Submitted to: Gene
Publication Type: Peer Reviewed Journal
Publication Acceptance Date: 8/1/2015
Publication Date: 12/10/2015
Citation: Shirk, P.D., Perera, O.P., Shelby, K., Furlong, R.B., LoVullo, E.D., Popham, H.J. 2015. Unique synteny and alternate splicing of the chitin synthases in closely related heliothine moths. Gene. 574(1):121-139.
Interpretive Summary: Heliothine moths the corn earworm, Helicoverpa zea, the cotton bollworm, Helicoverpa armigera and the tobacco budworm Heliothis virescens are major crop pests. The molting in these moths requires the production of new cuticle at every stage. Interfering with the enzymes that produce the cuticle is a major target for chemical pesticides. Scientists at USDA, Agricultural Research Service, Center for Medical, Agricultural and Veterinary Entomology, Gainesville, Florida, Southern Insect Management Research Unit and Biological Control of Insects Research Laboratory collaborated to determine the genomic organization of these critical genes and to identify how these genes are controlled in the corn earworm, the cotton bollworm and the tobacco budworm. These finding will be used to construct non-chemical methods of control based on disruption of the gene expression through RNA interference biotechnologies.
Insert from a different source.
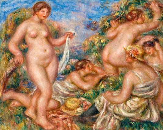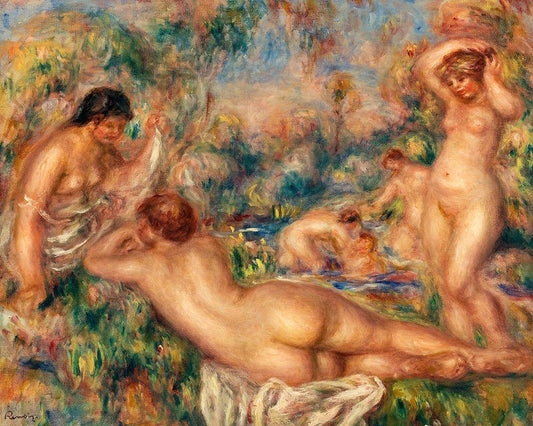 Bathers 1918 White Modern Wood Framed Art Print with Double Matting by Renoir, Pierre-Auguste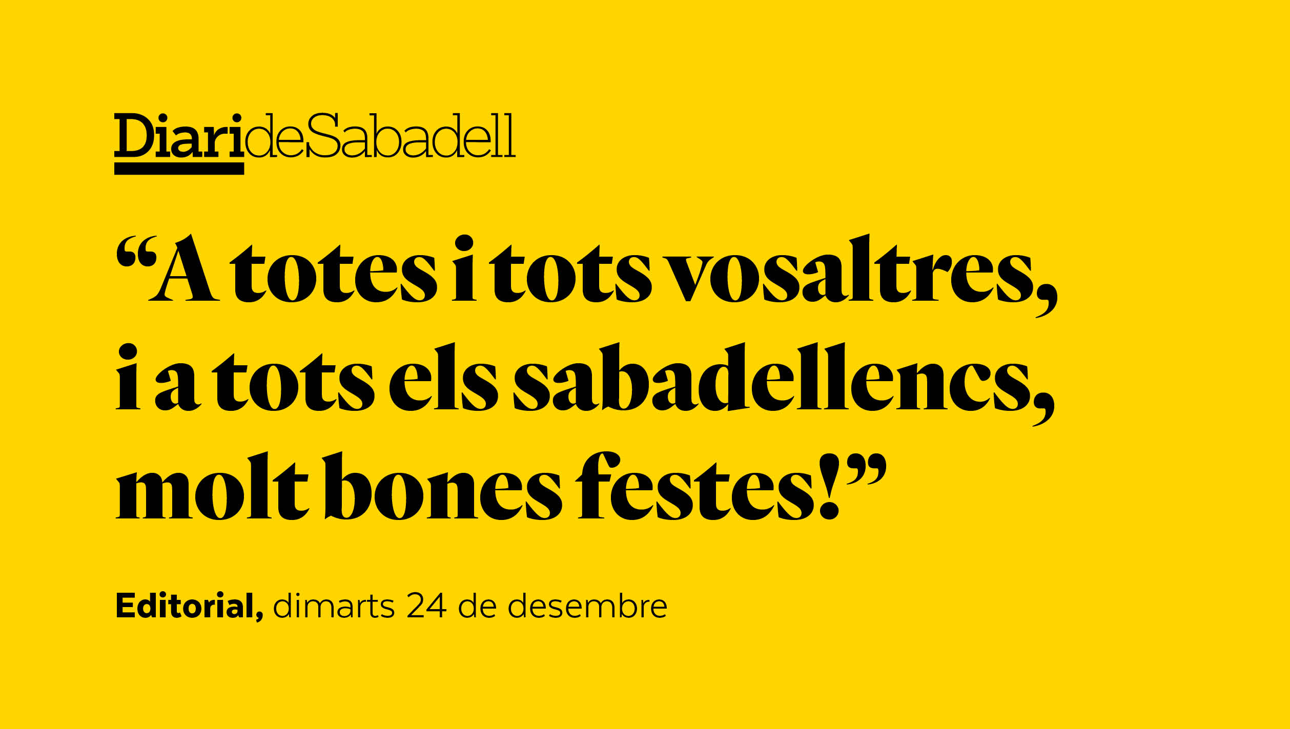 Com els ‘lloros’, hi ha desenes de persones darrere d’aquesta tradició nadalenca. Tots ells es mereixen el nostre reconeixement perquè aconsegueixen que la celebració sigui única a la nostra ciutat. Tampoc no oblidem aquests dies festius les persones que fan possible que els serveis públics essencials de Sabadell segueixin funcionant: metges, infermers, bombers, policies... dones i homes que no podran celebrar el Nadal com la resta i que vetllen per la nostra salut i seguretat. Un sentit missatge per a tots ells, el mateix que enviem a les persones que passaran les festes en solitud o lluny de casa. A totes i tots vosaltres, i a tots els sabadellencs, molt bones festes!

Technical Abstract: Two chitin synthase genes were characterized in the genomes of two heliothine moths: the corn earworm/cotton bollworm, Helicoverpa zea (Boddie) (Lepidoptera: Noctuidae) and the cotton bollworm, Helicoverpa armigera (Hübner) (Lepidoptera: Noctuidae). In both moths, the coding sequences for the two genes were arranged in tandem with the same orientation on the same strand with ChSB 5’ of ChSA. Each chitin synthase gene had putative consensus regulatory elements 5’ to the individual transcription start sites. The 5’ sequences of HzChSB and HzChSA in H. zea contained putative regulatory elements that may provide the control for the stage and tissue specific expression for these genes. Sequence comparisons showed that each gene was highly conserved with the respective homologues from other species but that the genomic arrangement of the two genes being tandemly juxtaposed was unique in insects. Transcript mapping of HzChSB and HzChSA in H. zea demonstrated that the HzChSB transcript was differentially spliced in various tissues and in the differing developmental stages of the larvae. A transcript comprised of all 23 exons of HzChSB was clearly present in the 1st-3rd instar larvae as well as in the foregut, midgut and hindgut of both 4th and 5th instar larvae. An alternatively spliced transcript of HzChSB that joined exons 12-21 was observed in the 2nd, 3rd, 4th and 5th instar larvae but not the 1st instar larvae. A transcript comprised of all 23 exons of HzChSA was observed in muscle, fat body, hindgut, midgut and foregut of 4th instar larvae. It was also detected in muscle, and hindgut of 5th instar larvae but not in any of the other tissues. The genomic organization of the chitin synthases in these heliothine moths is unique from all other known organisms. Only 4.3 kilobases separated the genes for HzChSB and HzChSA in H. zea. The mechanism that has led to this arrangement is unclear but is most likely a recent recombinational event that placed these two genes together. The identification of the HzChSB-E12b alternate spliced transcript is the first report of alternate splicing for the chitin synthase B group. The importance of this splice form is not clear because the protein produced lacks any enzymatic activity but retains the membrane insertion motifs. As for other insects, these genes provide an important target for potential control through RNAi but also provide a subject for broad scale genomic recombinational events.